50777-76-9, 2-(Diphenylphosphino)benzaldehyde is a chiral-phosphine-ligands compound, ?involved in a variety of chemical synthesis. Rlated chemical reaction is continuously updated

The synthesis of the iminophosphine ligand carryingalkoxylsilane moiety (A) was performed through the reactivedistillation of 2-(diphenylphosphino)benzaldehyde (0.500 g)with 3-(aminopropyl)trimethoxysilane (0.255 g) in dry toluene(25 mL). After 5 hours, we obtained a yellow oily liquidby careful removal of toluene under vacuum (87 percent yield).1H NMR (400 MHz, CD2Cl2): delta = 8.8 (s, 1H), 8.02 (s,1H), 7.45-7.27 (m, 12 H), 6.91 (s, 1 H), 3.53 (s, 9 H), 3.46(m, 2 H), 1.68 – 1.60 (m, 2 H), 0.58 – 0.52 (m, 2 H); 13CNMR (100 MHz, CD2Cl2): delta= 158.57, 134.14, 128.79, 65.13,50.82, 24.62, 8.73 ppm.; 31P NMR : (300 MHz, CD2Cl2,ppm) delta= -13.07ppm., 50777-76-9

The synthetic route of 50777-76-9 has been constantly updated, and we look forward to future research findings.

Reference£º
Article; Upadhyay, Praveenkumar R.; Srivastava, Vivek; Letters in Organic Chemistry; vol. 13; 5; (2016); p. 380 – 387;,
Phosphine ligand
Chiral phosphine ligands in asymmetric synthesis.
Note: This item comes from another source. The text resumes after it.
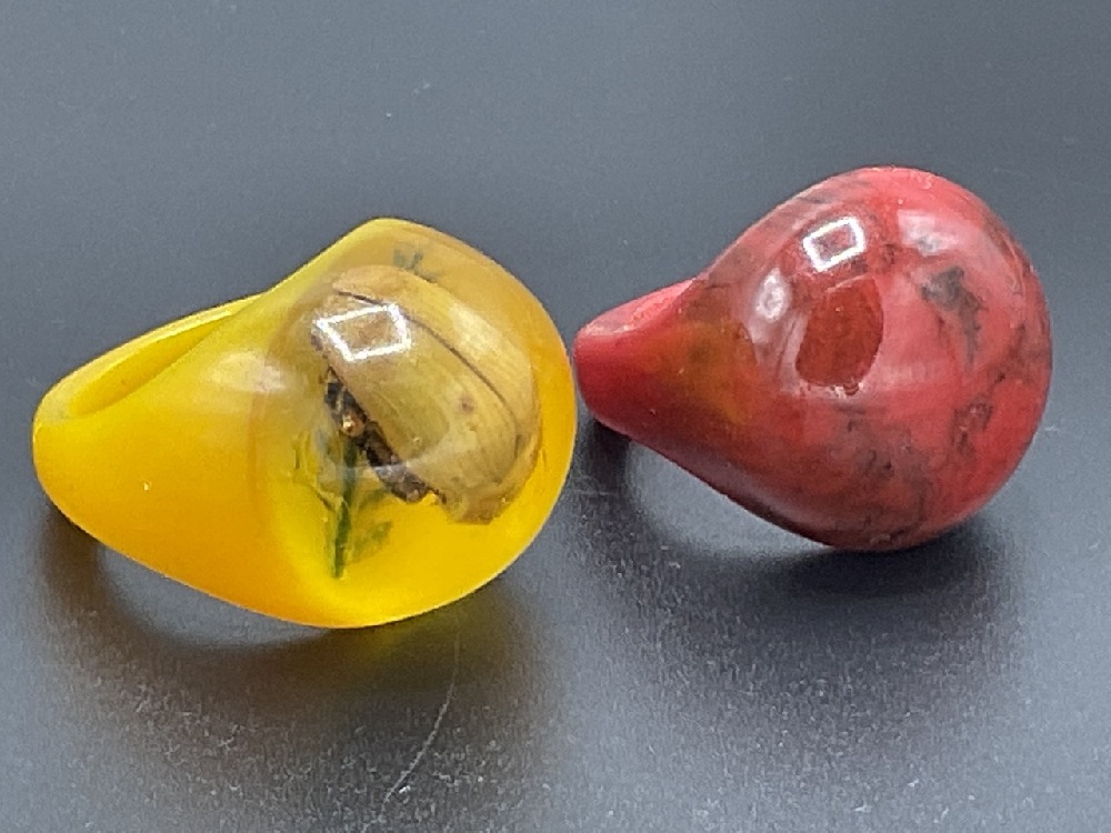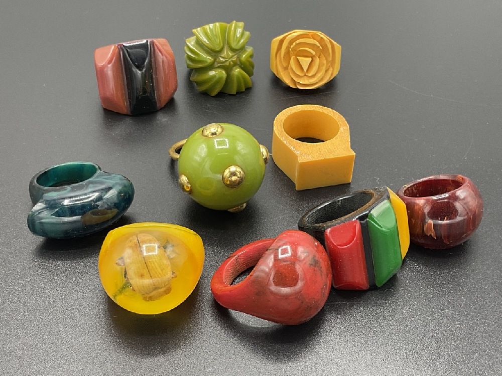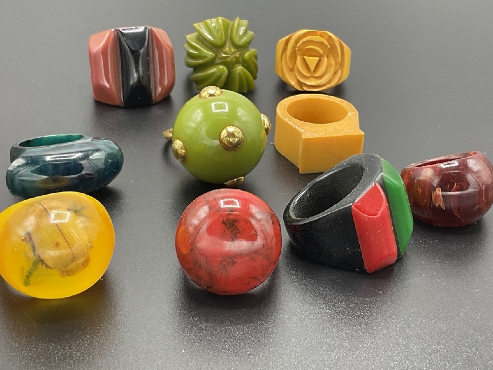 Ten (10) Vintage Bakelite and Lucite rings. Assorted colors, laminate, carved, lucite irridescent bug ring.

Molecular structure and absolute configuration of (1,5-cyclooctadiene)-(2S,3S)-2,3-bis(diphenylphosphino)butanerhodium(I) perchlorate tetrahydrofuran solvate

With the rapid development and complex challenges of chemical substances, new drug synthesis pathways are usually the most effective.50777-76-9,2-(Diphenylphosphino)benzaldehyde,as a common compound, the synthetic route is as follows.

To a solution of 2-(diphenylphosphino)benzaldehyde (0.279 g, 0.961 mmol) in CH2Cl2 (10 ml) in a Schlenk tube was added 2-methylaniline (0.103 g, 0.961 mmol) dropwise. Anhydrous magnesium sulfate (~ 0.5 g) was added to the Schlenk tube and the reaction was stirred at room temperature for 20 h. The resulting yellow mixture was filtered to obtain a yellow solution, which gave yellow oil upon evaporation of the solvent. Yield: 0.2990 g (82percent); IR (nujol cm? 1); nu(C=N imine) 1622, nu(C=C phenyl) 1593, 1585, 1505; nu(P?Ph) 1435; 1H NMR (200 MHz, CDCl3): delta 8.99 (d, 1H, J = 5.2, ?CH=N); 8.27, 6.91?7.67 (m, 12H, phenyl); 6.46 (t, 6H, J = 7.6, phenyl); 1.27 (s, 3H,CH3); 31P NMR (161.9 Hz, CDCl3) delta ? 13.96(s); Anal. Calcd for C26H22NP: C, 82.30; H, 5.84; N, 3.69; Found: C, 82.04; H, 5.93; N, 3.55., 50777-76-9

Big data shows that 50777-76-9 is playing an increasingly important role.

Reference£º
Article; Motswainyana, William M.; Onani, Martin O.; Madiehe, Abram M.; Saibu, Morounke; Thovhogi, Ntevheleni; Lalancette, Roger A.; Journal of Inorganic Biochemistry; vol. 129; (2013); p. 112 – 118;,
Phosphine ligand
Chiral phosphine ligands in asymmetric synthesis. Molecular structure and absolute configuration of (1,5-cyclooctadiene)-(2S,3S)-2,3-bis(diphenylphosphino)butanerhodium(I) perchlorate tetrahydrofuran solvate

607-01-2, Ethyldiphenylphosphine is a chiral-phosphine-ligands compound, ?involved in a variety of chemical synthesis. Rlated chemical reaction is continuously updated

To acetone solution of (diphenylphosphino) ethane (dppe) (0.398 g, 1 mmol) was added 4-nitrophenacyl bromide (0.256 g, 1.05 mmol)and the resulting mixture was stirred for 12 h at room temperature. The resulting yellow solution was filtered off, washed with petroleum diethyl ether, and dried under vacuum. Yield: 0.49 g, 75%; m. p.:220-222 C. Anal. Calc. for C34H30BrNO4P2: C, 62.02; H, 4.59; N, 2.13. Found: C, 62.27; H, 4.61; N, 2.15%. Selected IR absorption in KBr (cm-1): 1684 (nuC=O), 1191 (nuP=O). 31P{1H} NMR (CDCl3): deltaP = 19.45 (d, PCH2, 3JPP = 58.37); 31.66 (d, P(O)Ph2, 3JPP = 54.82). 1H NMR (CDCl3): deltaH = 2.83 (m, 2H, CH2); 3.82 (m, 2H, CH2); 6.32 (d, 1H, PCH2CO, 2JPH = 12.25), 6.52 (d, 1H, PCH2CO, 2JPH = 12.00); 7.18-8.37 (m, 24H, Ph). 13C{1H} NMR (CDCl3): deltaC = 18.06 (t, CH2, 1JPC = 26.03); 36.32 (pseudot, PCH2CO, 1JPC = 29.13); 116.03-134.95 (Ph); 191.31 (s, CO).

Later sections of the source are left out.